● **Work task**:
Retype only what runs from the line with "After adjusting the" through the end of the entries, exactly and in full, but omit any picture you find.

● **Records supplied**:

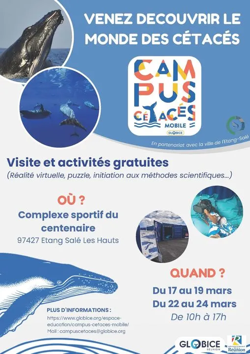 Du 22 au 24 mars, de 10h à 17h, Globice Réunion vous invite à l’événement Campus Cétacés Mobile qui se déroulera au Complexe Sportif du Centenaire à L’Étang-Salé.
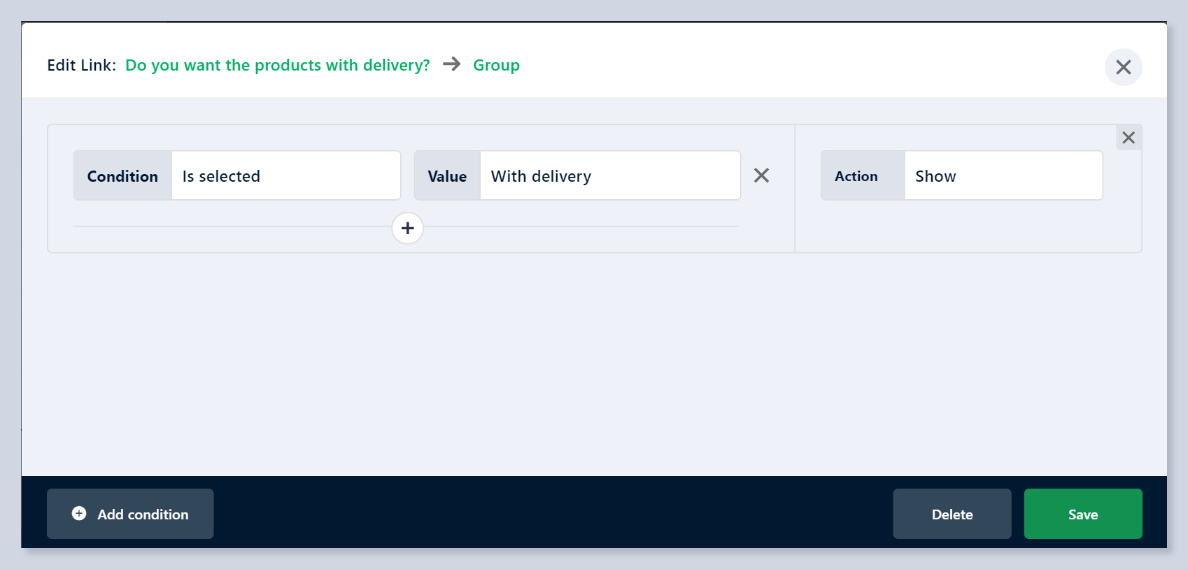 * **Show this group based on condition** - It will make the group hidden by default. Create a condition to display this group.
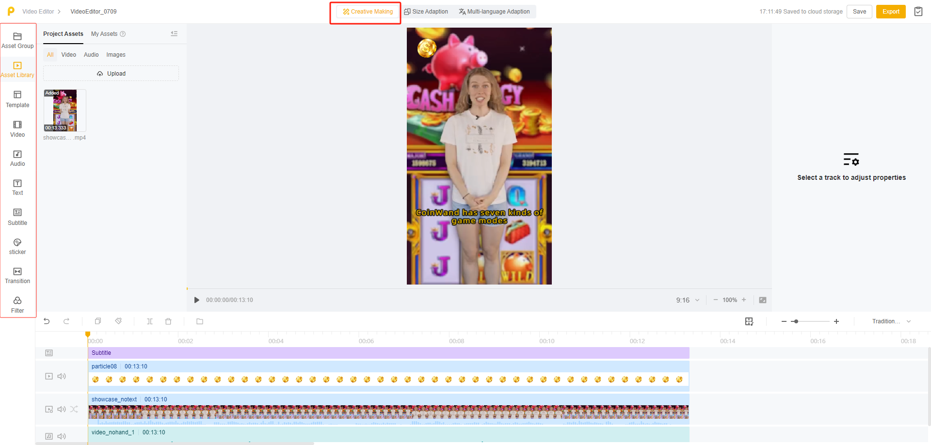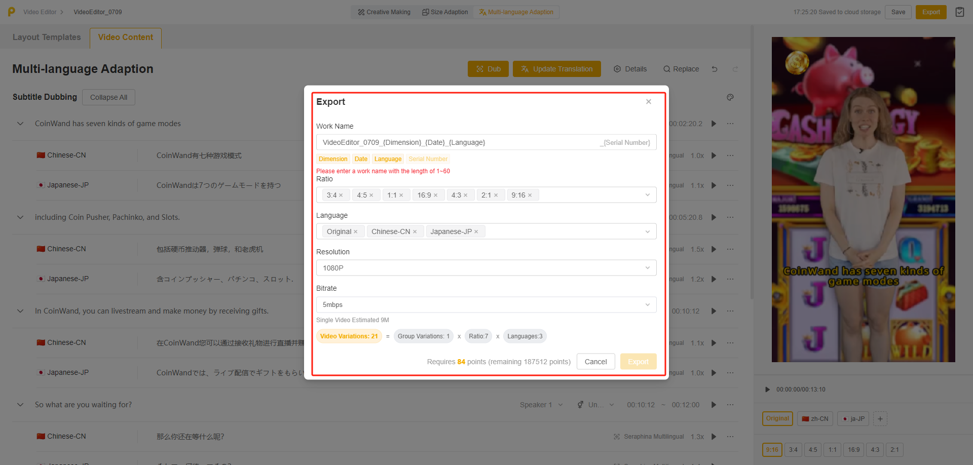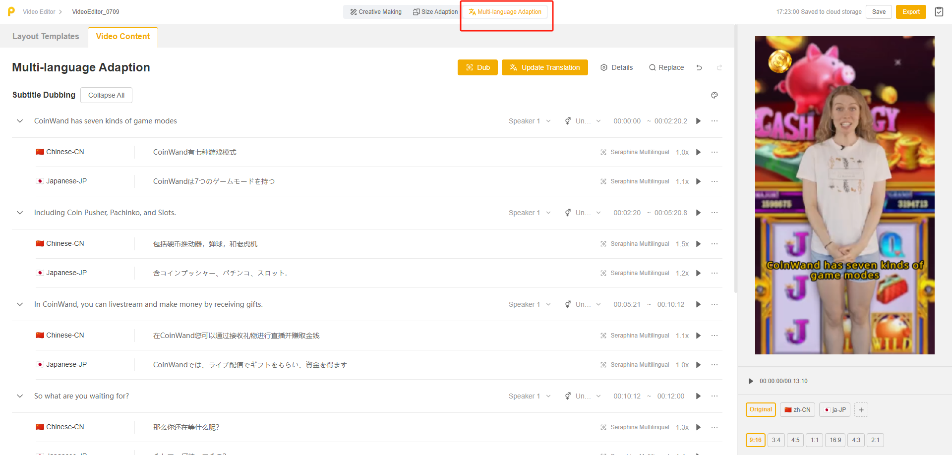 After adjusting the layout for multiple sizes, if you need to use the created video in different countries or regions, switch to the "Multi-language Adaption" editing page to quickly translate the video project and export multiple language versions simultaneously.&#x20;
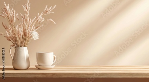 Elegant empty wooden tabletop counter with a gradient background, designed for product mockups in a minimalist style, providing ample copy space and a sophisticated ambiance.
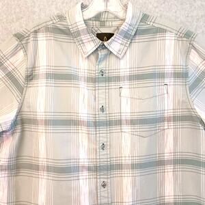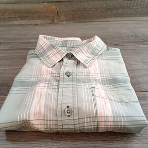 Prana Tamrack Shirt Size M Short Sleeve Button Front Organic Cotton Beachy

● **Exercise output**:
 After adjusting the layout for multiple sizes, if you need to use the created video in different countries or regions, switch to the "Multi-language Adaption" editing page to quickly translate the video project and export multiple language versions simultaneously.&#x20;
 Elegant empty wooden tabletop counter with a gradient background, designed for product mockups in a minimalist style, providing ample copy space and a sophisticated ambiance.
 Prana Tamrack Shirt Size M Short Sleeve Button Front Organic Cotton Beachy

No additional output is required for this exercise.